- Opening Delimiter -

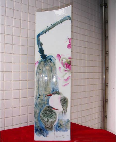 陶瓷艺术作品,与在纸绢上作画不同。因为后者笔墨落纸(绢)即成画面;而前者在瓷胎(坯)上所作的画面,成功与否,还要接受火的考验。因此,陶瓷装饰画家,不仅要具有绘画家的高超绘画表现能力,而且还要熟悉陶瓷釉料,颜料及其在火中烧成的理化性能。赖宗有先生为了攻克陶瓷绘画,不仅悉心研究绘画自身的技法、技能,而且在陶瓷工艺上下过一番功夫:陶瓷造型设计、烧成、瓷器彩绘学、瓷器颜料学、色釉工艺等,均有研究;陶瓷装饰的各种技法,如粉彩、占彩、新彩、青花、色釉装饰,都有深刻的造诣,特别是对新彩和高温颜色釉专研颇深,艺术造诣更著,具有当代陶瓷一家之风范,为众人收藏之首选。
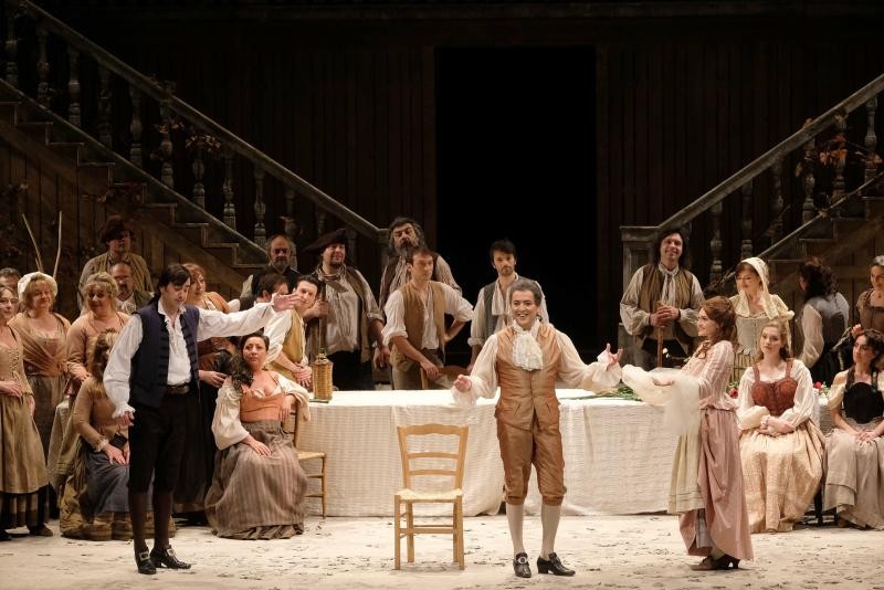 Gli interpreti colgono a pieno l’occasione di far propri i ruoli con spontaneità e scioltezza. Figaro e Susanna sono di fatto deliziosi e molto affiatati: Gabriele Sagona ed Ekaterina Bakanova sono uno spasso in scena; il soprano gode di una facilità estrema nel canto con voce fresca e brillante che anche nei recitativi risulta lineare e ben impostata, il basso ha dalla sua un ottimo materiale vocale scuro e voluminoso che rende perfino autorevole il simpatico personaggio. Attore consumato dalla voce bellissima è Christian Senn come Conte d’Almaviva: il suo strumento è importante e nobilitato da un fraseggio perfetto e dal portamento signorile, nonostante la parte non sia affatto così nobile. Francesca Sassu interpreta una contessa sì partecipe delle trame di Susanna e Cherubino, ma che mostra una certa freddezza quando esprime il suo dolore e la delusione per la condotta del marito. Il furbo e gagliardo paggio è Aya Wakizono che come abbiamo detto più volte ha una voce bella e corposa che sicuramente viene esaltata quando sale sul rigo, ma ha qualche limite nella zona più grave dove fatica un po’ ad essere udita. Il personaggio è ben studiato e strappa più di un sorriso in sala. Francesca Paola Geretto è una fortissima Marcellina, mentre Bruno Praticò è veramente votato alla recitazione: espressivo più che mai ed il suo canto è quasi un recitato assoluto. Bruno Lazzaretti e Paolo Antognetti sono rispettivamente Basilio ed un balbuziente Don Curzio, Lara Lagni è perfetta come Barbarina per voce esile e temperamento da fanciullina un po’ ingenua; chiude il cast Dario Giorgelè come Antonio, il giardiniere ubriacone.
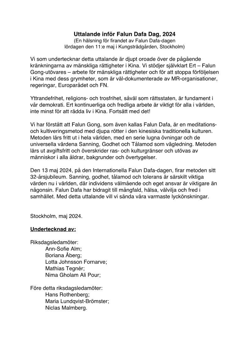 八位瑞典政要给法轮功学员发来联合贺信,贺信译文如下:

- Closing Delimiter -

**Assignment:**
None of the pictures should appear; copy the rest of the material above exactly.

**Task response:**
 陶瓷艺术作品,与在纸绢上作画不同。因为后者笔墨落纸(绢)即成画面;而前者在瓷胎(坯)上所作的画面,成功与否,还要接受火的考验。因此,陶瓷装饰画家,不仅要具有绘画家的高超绘画表现能力,而且还要熟悉陶瓷釉料,颜料及其在火中烧成的理化性能。赖宗有先生为了攻克陶瓷绘画,不仅悉心研究绘画自身的技法、技能,而且在陶瓷工艺上下过一番功夫:陶瓷造型设计、烧成、瓷器彩绘学、瓷器颜料学、色釉工艺等,均有研究;陶瓷装饰的各种技法,如粉彩、占彩、新彩、青花、色釉装饰,都有深刻的造诣,特别是对新彩和高温颜色釉专研颇深,艺术造诣更著,具有当代陶瓷一家之风范,为众人收藏之首选。
 Gli interpreti colgono a pieno l’occasione di far propri i ruoli con spontaneità e scioltezza. Figaro e Susanna sono di fatto deliziosi e molto affiatati: Gabriele Sagona ed Ekaterina Bakanova sono uno spasso in scena; il soprano gode di una facilità estrema nel canto con voce fresca e brillante che anche nei recitativi risulta lineare e ben impostata, il basso ha dalla sua un ottimo materiale vocale scuro e voluminoso che rende perfino autorevole il simpatico personaggio. Attore consumato dalla voce bellissima è Christian Senn come Conte d’Almaviva: il suo strumento è importante e nobilitato da un fraseggio perfetto e dal portamento signorile, nonostante la parte non sia affatto così nobile. Francesca Sassu interpreta una contessa sì partecipe delle trame di Susanna e Cherubino, ma che mostra una certa freddezza quando esprime il suo dolore e la delusione per la condotta del marito. Il furbo e gagliardo paggio è Aya Wakizono che come abbiamo detto più volte ha una voce bella e corposa che sicuramente viene esaltata quando sale sul rigo, ma ha qualche limite nella zona più grave dove fatica un po’ ad essere udita. Il personaggio è ben studiato e strappa più di un sorriso in sala. Francesca Paola Geretto è una fortissima Marcellina, mentre Bruno Praticò è veramente votato alla recitazione: espressivo più che mai ed il suo canto è quasi un recitato assoluto. Bruno Lazzaretti e Paolo Antognetti sono rispettivamente Basilio ed un balbuziente Don Curzio, Lara Lagni è perfetta come Barbarina per voce esile e temperamento da fanciullina un po’ ingenua; chiude il cast Dario Giorgelè come Antonio, il giardiniere ubriacone.
 八位瑞典政要给法轮功学员发来联合贺信,贺信译文如下:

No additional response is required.